Backpropagation Algorithm

Input : A training example, $(x,y)\in \R^m\times\R^{m'}$

Set the activation in the input layer
$a^1 = x$
for each $l=(2\cdots L)$ , feed forward
$z^l = w^la^{l-1}+b^l$
$a^l = \phi(z^l)$
Compute local gradient for output layer
$\delta^L := \nabla_{a^L}C \odot \phi'(z^L)$
Backpropagate local gradients for hidden layers, i.e
For each $l=(L-1 \cdots 2)$
$\hspace{10px}\delta^l := \left( (w^{l+1})^T\delta^{l+1}\right)\odot \phi'(z^l)$
return the partial derivatioes
$\frac{\delta C}{\delta w_{jk}^l} = a_k^{l-1}\delta_j^l$
$\frac{\delta C}{\delta b_j^l} = \delta_j^l$

Training Feed-Forward Neural Networks

Assume $n$ training samples

$(x_1,y_1),\cdots,(x_n,y_n)$

and a cost function:

$C = \frac{1}{m}\sum_{i=1}^n C_i$

Where $C_i$ is the cost on the $i^{th}$ example.

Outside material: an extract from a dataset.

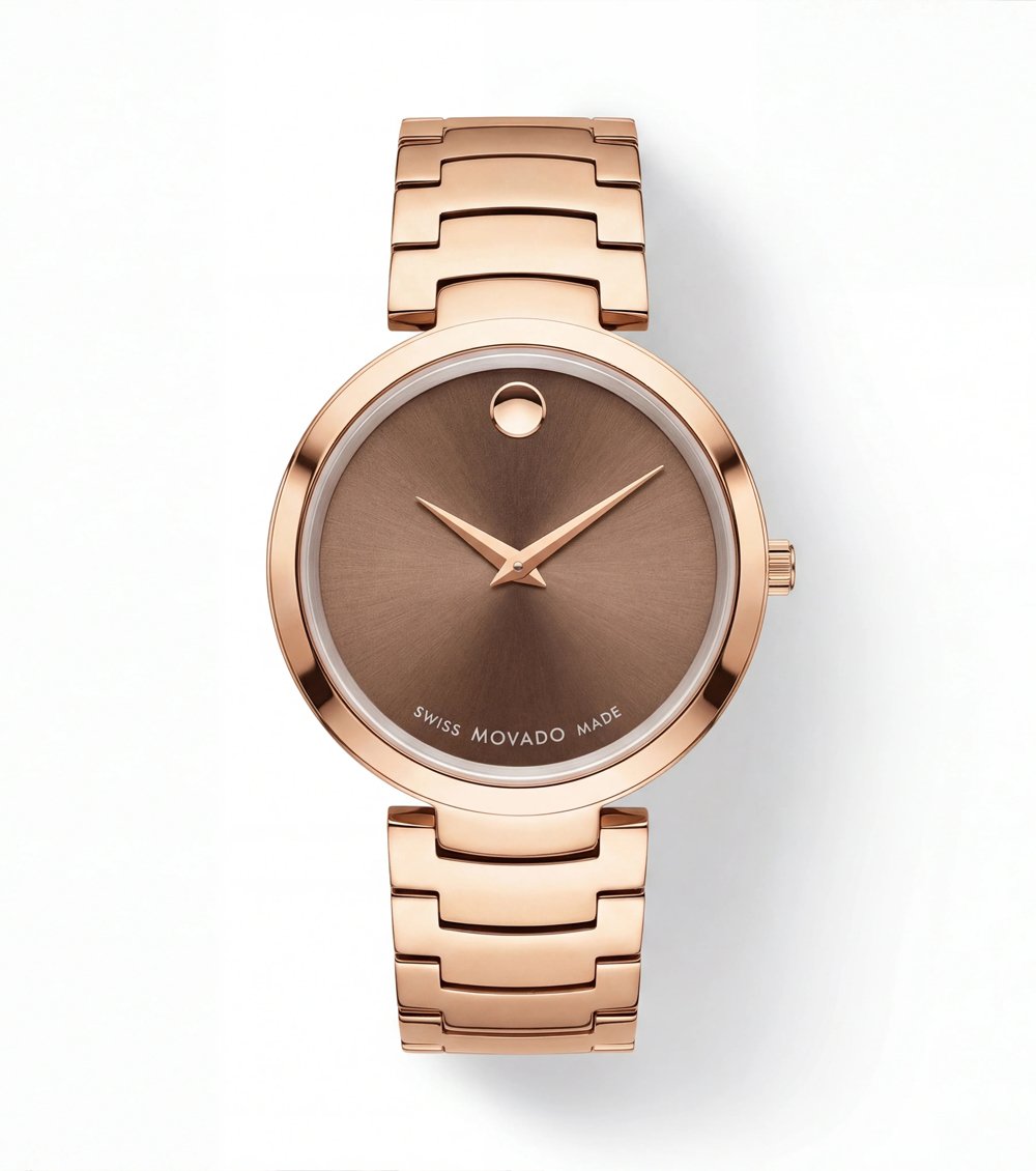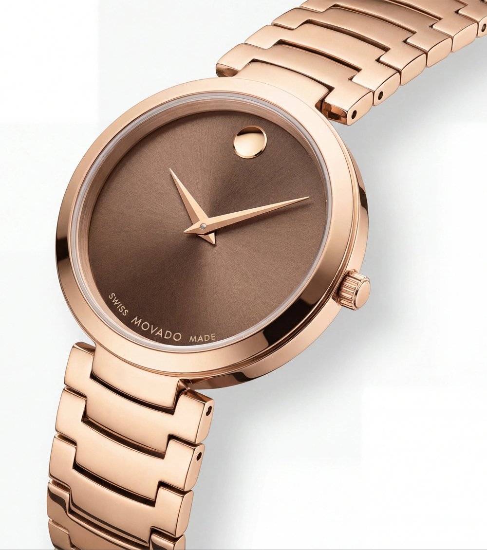 The rich sunray brown dial delivers depth and elegance, subtly shifting tones as it catches the light. A signature single dot marker at 12 oรขโ‚ฌโ„ขclock creates the iconic minimalist focal point, while slim rose-gold hands glide gracefully across the dial for a perfectly balanced design.

For example, with Mean Squared error, we can define it as:

$C_i = \frac{1}{2}(y_i-a^L)$

Where $a^L$ is the output of the network when $a^1 = x_i$

Backpropagation gives us the gradient of the overall cost function as follows:

(19)

$\frac{\delta C}{\delta w^l} = \frac{1}{m}\sum_{i=1}^n \frac{\delta C_i}{\delta w^l}$

$\frac{\delta C}{\delta b^l} = \frac{1}{m}\sum_{i=1}^n \frac{\delta C_i}{\delta B^l}$

Note: these provide the average gradient per training example

We can now use gradient descent to optimise the weights, $w$ and biases, $b$ .

Mini-Batch Gradient Descent

Computing the gradients is expensive when the number of training examples, $n$ is large

We can approximate the gradients:

(20)

$\frac{\delta C}{\delta w^l} \approx \frac{1}{b}\sum_{i=1}^b \frac{\delta C_i}{\delta w^l}$

$\frac{\delta C}{\delta b^l} \approx \frac{1}{b} \sum_{i=1}^b \frac{\delta C_i}{\delta b^l}$

using a random "mini-batch" of $b\leq n$ training examples

Size	Name
$1<b<n$	Mini-batch Gradient Descent
$b=1$	Stochastic Gradient Descent
$b=n$	Batch Gradient Descent

It is common to use mini-batch size of $b \in (20,100)$